Top of Records for the exercise

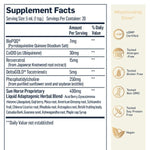 Synergistic Super-Nutrients – CoQ10 can dramatically affect mitochondrial energy-producing capacity. Pyrroloquinoline quinone (PQQ) can support mitochondria protection against oxidative damage, while resveratrol is known as a healthy aging antioxidant.
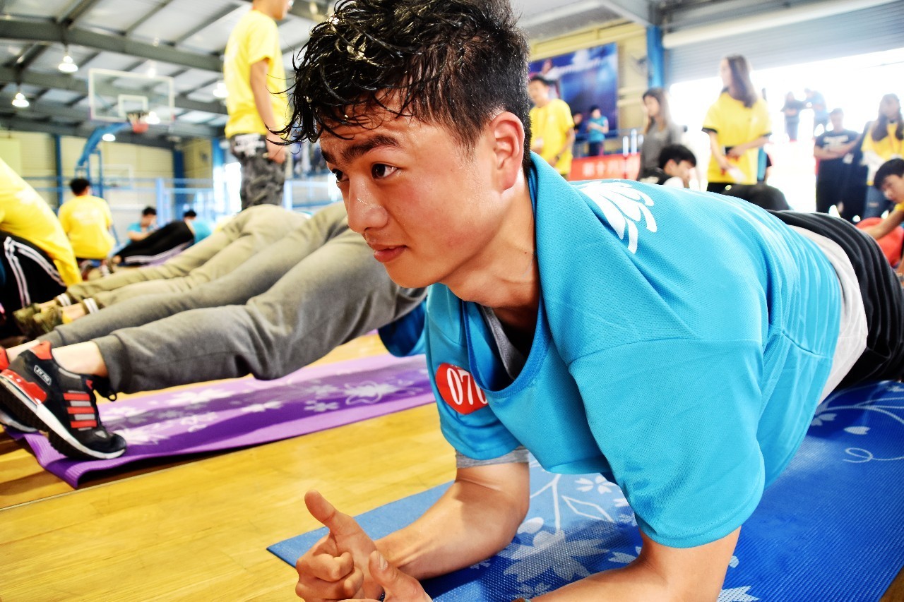 为庆祝中国共产主义青年团成立95周年,经各学院选拔推荐,本次比赛特召集95名选手参赛。经工作人员引导选手入场,主持人宣布比赛规则,裁判员代表宣誓后,比赛正式开始。平板支撑是现当代风靡全球的一项健身运动,已引领了健身的新热潮,被公认为训练核心肌群的有效方法。做这项运动时,身体需要保持直线,手肘完全贴靠地面且肩膀超过手肘,同时保持臀部不能超过肩部,双脚距离与肩同宽。看似简单,但操作起来不易。比赛中,选手们都发挥出了自己最大的实力,不断突破自己,即使浑身颤抖、汗流浃背,仍咬牙坚持着。激烈角逐后,最终产生男子前八名和女子前四名。
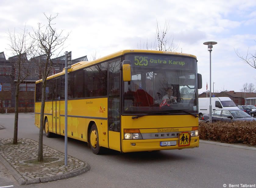 XHJ600 lämnar busstaionen som linje 525 till Östra Karup.
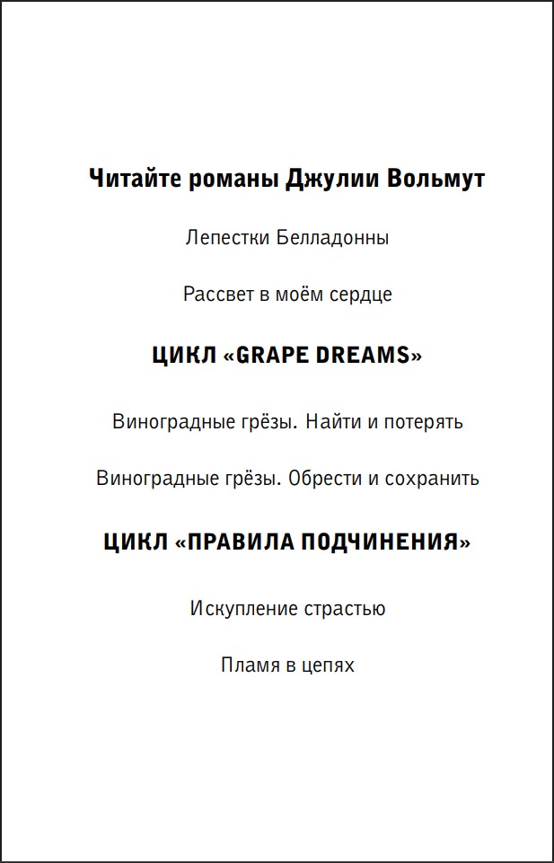 Книги Джулии Вольмут – это истории любви, в которых эмоции искрят будто оголенные нервы. Сквозь боль, непонимание и страхи герои двигаются вперед в надежде получить то, чего хотят, или то, чего думают, что хотят.
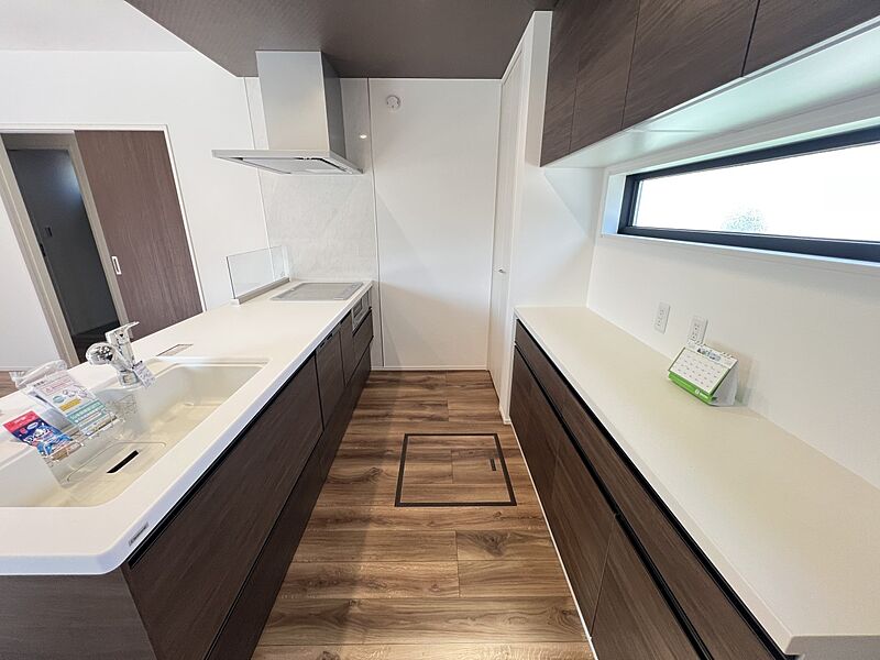 ◆キッチン背面にカップボードを標準装備 ◆玄関にはシューズインクローク完備!アウトドア用品などもすっきり片付きます ◆各棟、カースペース並列2台分 ◆接道広めの6m!駐車や離合の際も安心です
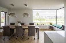 In addition to the sustainable facade, the house is entirely energy-neutral. Thanks to advanced technologies in energy efficiency and a clever sun-oriented design, the home generates more energy as it consumes. It incorporates solar panels, a heat pump, adjustable sunshades, and high insulation values to minimize energy consumption. This not only results in lower energy costs for the residents but also leads to a significant reduction in CO2 emissions throughout the lifespan of the house.
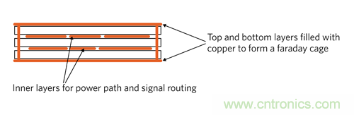 b.PCB 的頂層和底層布局帶有屏蔽接地區域,利用一個過孔將其連接起來,以模擬法拉第籠。所有高 di/dt 環路布置在 PCB 的內層,所以法拉第籠就能夠屏蔽電磁場, 防止向外輻射。該方法成本較低,通常足以抑制 EMI。圖 10 為該技術的示意圖。

Bottom of Records for the exercise

Assigned task
Restate the records word for word, omitting images.

Exercise solution
 Synergistic Super-Nutrients – CoQ10 can dramatically affect mitochondrial energy-producing capacity. Pyrroloquinoline quinone (PQQ) can support mitochondria protection against oxidative damage, while resveratrol is known as a healthy aging antioxidant.
 为庆祝中国共产主义青年团成立95周年,经各学院选拔推荐,本次比赛特召集95名选手参赛。经工作人员引导选手入场,主持人宣布比赛规则,裁判员代表宣誓后,比赛正式开始。平板支撑是现当代风靡全球的一项健身运动,已引领了健身的新热潮,被公认为训练核心肌群的有效方法。做这项运动时,身体需要保持直线,手肘完全贴靠地面且肩膀超过手肘,同时保持臀部不能超过肩部,双脚距离与肩同宽。看似简单,但操作起来不易。比赛中,选手们都发挥出了自己最大的实力,不断突破自己,即使浑身颤抖、汗流浃背,仍咬牙坚持着。激烈角逐后,最终产生男子前八名和女子前四名。
 XHJ600 lämnar busstaionen som linje 525 till Östra Karup.
 Книги Джулии Вольмут – это истории любви, в которых эмоции искрят будто оголенные нервы. Сквозь боль, непонимание и страхи герои двигаются вперед в надежде получить то, чего хотят, или то, чего думают, что хотят.
 ◆キッチン背面にカップボードを標準装備 ◆玄関にはシューズインクローク完備!アウトドア用品などもすっきり片付きます ◆各棟、カースペース並列2台分 ◆接道広めの6m!駐車や離合の際も安心です
 In addition to the sustainable facade, the house is entirely energy-neutral. Thanks to advanced technologies in energy efficiency and a clever sun-oriented design, the home generates more energy as it consumes. It incorporates solar panels, a heat pump, adjustable sunshades, and high insulation values to minimize energy consumption. This not only results in lower energy costs for the residents but also leads to a significant reduction in CO2 emissions throughout the lifespan of the house.
 b.PCB 的頂層和底層布局帶有屏蔽接地區域,利用一個過孔將其連接起來,以模擬法拉第籠。所有高 di/dt 環路布置在 PCB 的內層,所以法拉第籠就能夠屏蔽電磁場, 防止向外輻射。該方法成本較低,通常足以抑制 EMI。圖 10 為該技術的示意圖。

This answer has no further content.